Давно не чувствовавший себя столь юным и никакими обязательствами не обремененным дознаватель постоял у ограды Храма, решил, что риск попасться на глаза кому из старших братьев превышает удовольствие от добытого в неравной битве с зеленым змием самогона и благонравно пошел по вечерним лавкам. Денег у него не было, вестимо – откуда у смиренного раба Его презренный металл – но сегодняшняя выходка, хоть и обошлась дорого и грозит еще аукнуться в ближайшем будущем, свои дивиденды принесла, впрочем, дознавателя в городе любили и до того...
Хотя, не столько его самого, сколько мастера-настоятеля, со вздохом признался сам себе Джошуа. К нему же относились как к оружию в руке этого самого настоятеля – оружие безлико, оно может стать защитой, а может и убить, полностью подчиняясь воле владельца.
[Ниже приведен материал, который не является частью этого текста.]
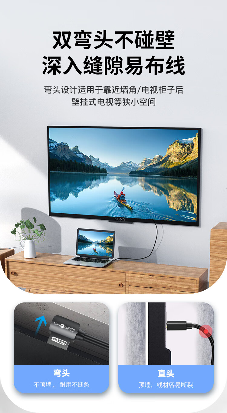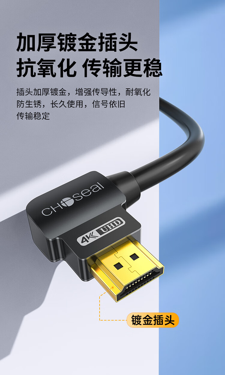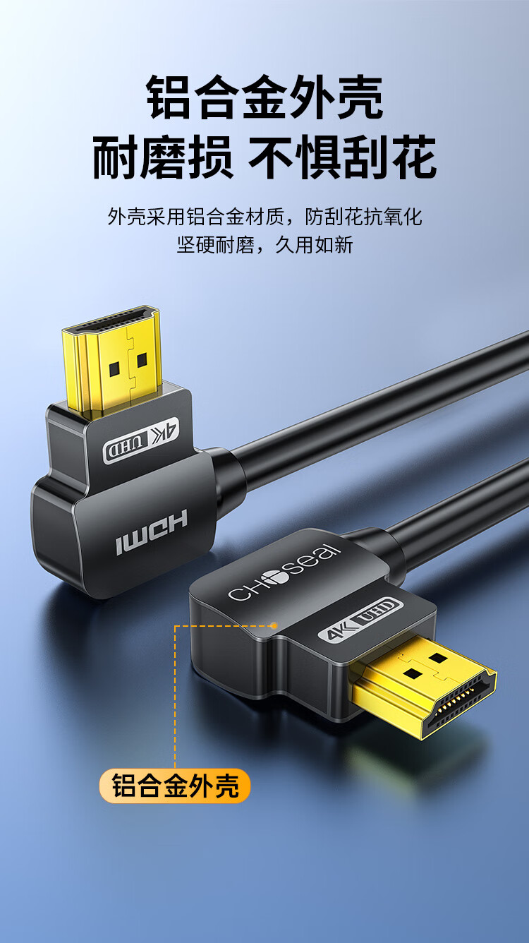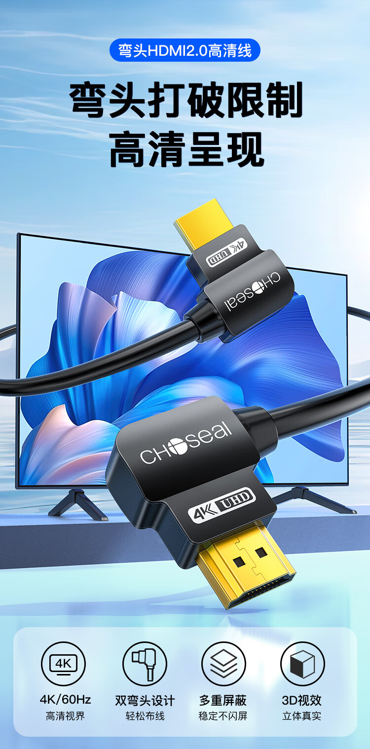 秋叶原(CHOSEAL)HDMI线2.0版弯头 4K/60HZ高清线 3D视频工程线 笔记本电脑电视机顶盒投影仪连接线 3米 QS8221
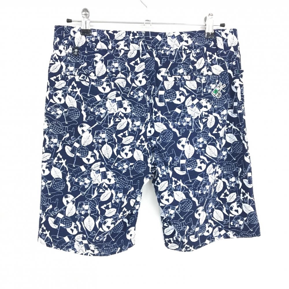 【超美品】アディダス ハーフパンツ ネイビー×白 総柄 サッカー生地 ストレッチ メンズ 85 ゴルフウェア adidas
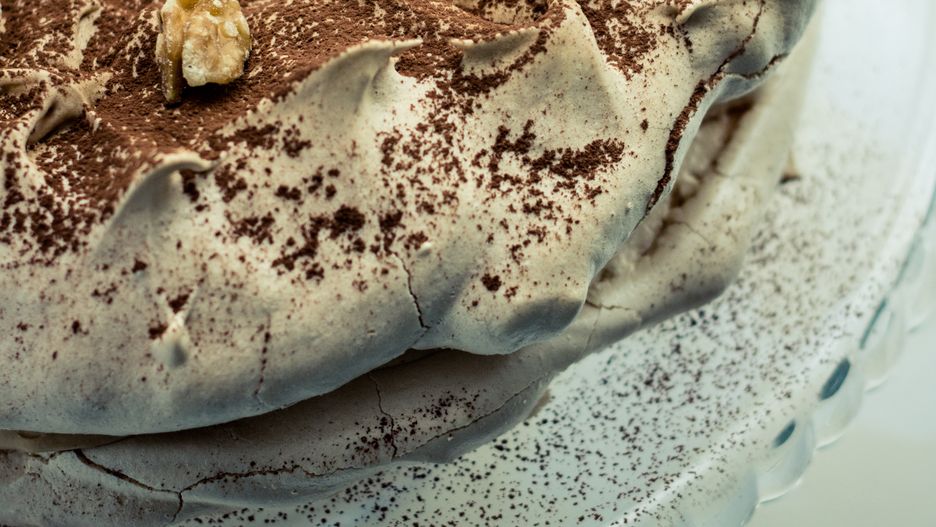 Na wystudzony biszkopt wyłóż przygotowany krem, a następnie przykryj orzechową bezą. Wstaw ciasto do lodówki na całą noc, aby smaki się połączyły. Przed podaniem pokrój na kawałki i udekoruj listkiem mięty.

Владельцем Джошуа был лорд... мастер-настоятель.
Эта роль дознавателя устраивала целиком и полностью, она позволяла выполнять свою работу в незабвенном стиле "наша служба и опасна и трудна", не отвлекаясь на административные глупости, кои наставник полностью брал на себя, на не слишком настойчивые попытки – все же заниматься этим было откровенно лень и некогда – воспитанника возражать только отмахиваясь и раз за разом посылая дознавателя "ступай делом займись, несчастье, иначе мастер-наставник наново решит, что у тебя приключился избыток свободного времени"
Их обоих все устраивало в результате, в городе было тихо, жители послушно строились рядами и колонами на пути к светлому будущему, молодежь фрондерствовала, старики вспоминали былые строгости и все в сумме были если и не счастливы, то по крайней мере живы, а потом...
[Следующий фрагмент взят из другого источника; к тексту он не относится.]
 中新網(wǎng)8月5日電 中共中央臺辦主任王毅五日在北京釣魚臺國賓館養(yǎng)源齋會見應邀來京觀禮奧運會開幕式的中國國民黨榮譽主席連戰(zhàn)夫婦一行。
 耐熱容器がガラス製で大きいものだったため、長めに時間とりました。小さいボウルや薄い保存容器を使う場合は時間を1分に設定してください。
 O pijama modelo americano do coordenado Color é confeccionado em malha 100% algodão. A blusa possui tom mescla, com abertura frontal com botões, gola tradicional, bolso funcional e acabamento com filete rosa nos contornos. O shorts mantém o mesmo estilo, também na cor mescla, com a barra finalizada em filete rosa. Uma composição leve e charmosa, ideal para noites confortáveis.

Напьюсь, угрюмо решил дознаватель, останавливаясь напротив витрины винной лавки, открытой в ожидании клиентов не смотря на вовсе уж неурочное время. Стану орать похабные песни, засну в сугробе и...
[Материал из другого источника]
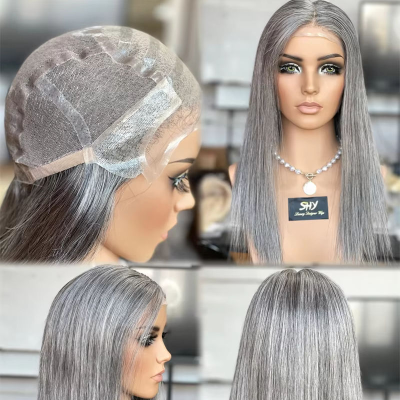 วิกผมทางการแพทย์แบบไม่มีกาวสีเทาสำหรับผู้หญิงวิกผมลูกไม้เต็มงานเย็บปะ PU แบบกำหนดเอง
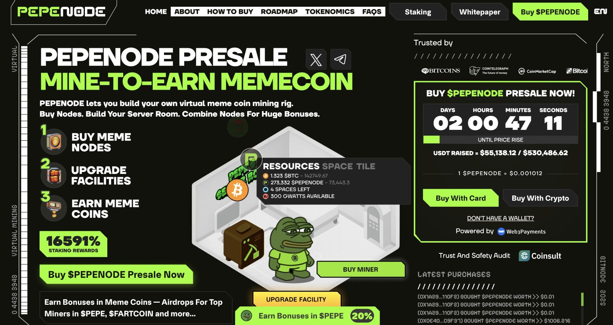 1. PEPENODE ($PEPENODE): Mine-to-Earn Memecoin With Built-In Deflation

... И, собственно, все, он хорошо это понимал. У уснувшего по эдакому морозу в сугробе нет ни малейшего шанса проснуться утром, даже если сладко почивающим телом не заинтересуются ночные обитатели города, что вовсе почти невероятно, несмотря на, казалось бы, от всех жизненных неурядиц защищающий серый с алым храмовый камзол...
- Свет в помощь, братья, - хмуро пожелал он парочке топчущихся за прилавком приказчиков, и коварно уточнил – Вечерний колокол уж часа три как отзвонил, мм-м?
Впрочем, питейные заведения даже в центре города на вечерний колокол обычно плевали с высокой колокольни, да и в целом история Храма никаким боком не касалась, пребывая в юрисдикции цивильной стражи, и все участники встречи это хорошо знали, поэтому замечание дознавателя проигнорировали, а сам дознаватель не стал настаивать.
Он бродил между аккуратно уложенных на стеллажах бутылок, сам не понимая толком, чего ждет и ждет ли, не то выбирая, не то просто греясь – все же он сильно замерз там на площади, а после уютного тепла гостиницы ночной холод казался и вовсе всепроникающим и совсем уж запредельным. Снег... И до весны, как до столицы по осенней распутице, пропади оно все пропадом! Дознаватель, растение мало того что комнатное, не зависимо от специализации, так еще и теплолюбивое, долгие горные зимы ненавидел. Впрочем, деваться ему было некуда...
- Мастер Хевинстон! Какая честь!
- Доброго вечера, господин Кроуфорд. Простите за вторжение.
- Всегда рад, мастер, всегда рад! Прошу вас...
- Нет, - улыбнулся торговцу Джошуа. – Благодарю вас. Я не отниму много времени, господин Кроуфорд, и скоро уже пойду. Еще раз простите.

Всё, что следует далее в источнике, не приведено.